Ask HN: Resources for Mentoring a Coder? - JoelPM
A friend of mine asked me to mentor him. He started coding PHP several years ago and is now doing Ruby-on-Rails. He loves coding (like most of us) but doesn't have the foundational knowledge of algorithms, data-structures, and computer architecture.<p>I'd like to help him get started on that foundation in a way that's fun. Originally I thought we'd go through SICP together - the book and lectures are both freely available and the fact that it came out of the freshman lecture series at MIT make me think it might be a good place to start. On the other hand, it seems like it might be a little too much for the time we'll have (roughly an hour a week together and whatever time we spend working through it on our own). The "Little Schemer" seemed like it might be a good alternative, but I haven't read it so I don't know.<p>I'd love to hear recommendations for engaging books that introduce some of the more foundational CS topics while not straying too far from the actual writing of code. Or, if you think some other format would be more beneficial, please let me know. An alternative idea I had was to give a coding problem (for example, "Sort this list") and then work on refining it together while examining the runtime attributes.<p>Thanks!
======
Travis
I found this today and am going to take the course as a refresher. It's a
crunchcourse for SICP, all free. And since other folks will be doing the same
thing, it seems like it may have an active community paced along with it.

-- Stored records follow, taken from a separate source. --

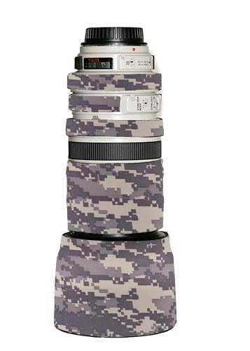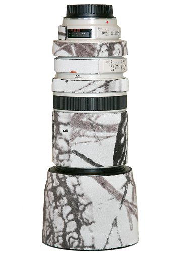 LensCoat Lens Covers... Moving a big white (or black) lens near skittish wildlife is like waving your arms a sure way to flush your subject and ruin what could be a once-in-a-lifetime photo opportunity. LensCoat Lens Covers mask your 100 mm to 400 mm lens, giving you a better chance at getting the shot. LensCoat Lens Covers are manufactured from 100% closed-cell neoprene, offering protection from bumps, jars and nicks, with a camouflage-pattern fabric cover. LensCoat Lens Covers also provide a thermal barrier, protecting your hands from cold lenses in lower temperatures. They are easy to install and remove, leaving no residue on the lens. And LensCoat lens covers are waterproof, providing protection in harsh conditions. Other features include a clear, flexible UV-PVC window over the AF/IS/VR controls and the distance-scale window. The LensCoat also features custom holes that reveal the red-dot for easy alignment to the camera body without removing the cover. The LensCoatTM 100-400 has small hole on the last segment lines up with the red dot indictor, making it easy to quickly line up your lens with camera mount evenwith the cover installed. Please note that the The LensCoatTM Canon 100-400 IS cannot cover the fixed portion of the lens barrel due to the manner in which the lens barrel extends/retracts leaving approximately 3 inches exposed when the lens is fully extended.Feature
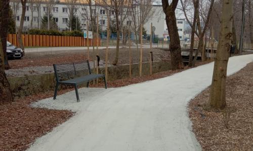 Przy ulicy gen. Stanisława Maczka, tuż przy ujściu potoku Straconka do rzeki Białej powstało nowe, pełne zieleni miejsce na mapie miasta. W ramach działań rewitalizacyjnych utworzono niewielki obszar o charakterze parkowym, który wypełnił niezagospodarowany do tej pory teren. Dzięki wykonaniu drewnianej kładki pieszej skomunikowano nowy skwer z istniejącym Parkiem Strzygowskiego.
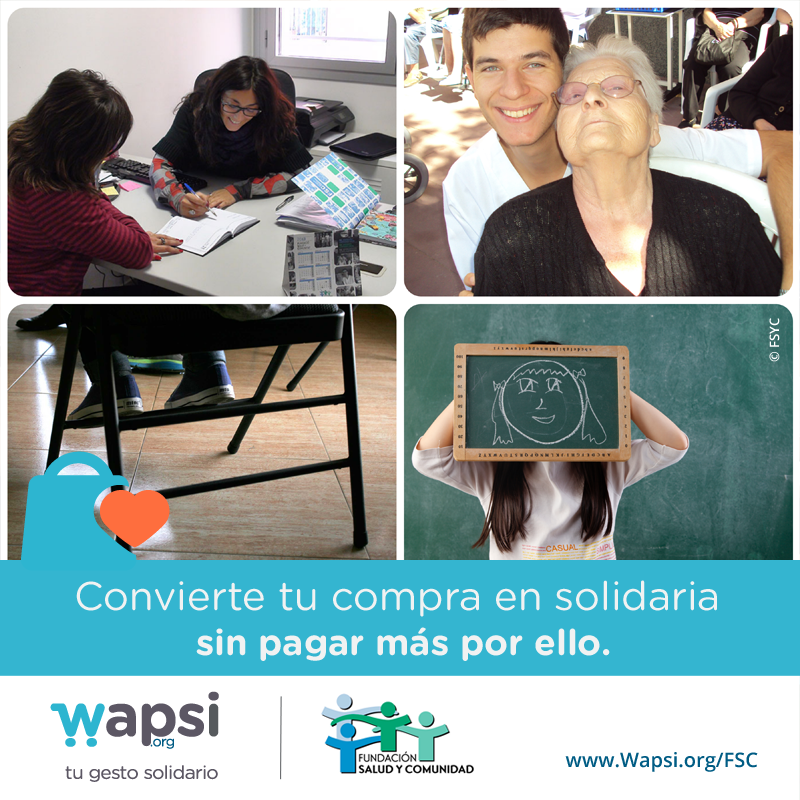La Fundación Equilibrio, amiga de FSC, ha puesto en marcha una nueva plataforma de compras solidarias por Internet a la que ha denominado Wapsi. Recientemente, hemos alcanzado un acuerdo con ellos, por el cual los usuarios/as de esta plataforma, pueden hacer aportaciones a nuestros proyectos sin ningún coste adicional en sus compras.
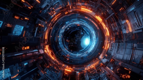abstract, technology, datum, visualisation, futuristic, motion, light, digital, background, design, circuit, pattern, energy, colours, bright, blue, orange, science, space, digital artwork, glowing, geometric, line, structure, innovative, network, creativity, depth, round, circular, three-dimensional, modern, dynamic, tech, visual, illustration, artistic, concept, perspective, vivid colors, high technology, exploration, universe, high-coloured, swirling

I work with another guy who has an EE MS, but is going to code for our startup
(he's a cofounder). So we're going to do this course together, so that I can
help bring him up to speed. Essentially, I'll be his more experienced study
buddy, but there will still be a forum I can go to when I have questions.

URL: [http://www.crunchcourse.com/class/structure-and-
interpretati...](http://www.crunchcourse.com/class/structure-and-
interpretation-of-comp/2010/jan/)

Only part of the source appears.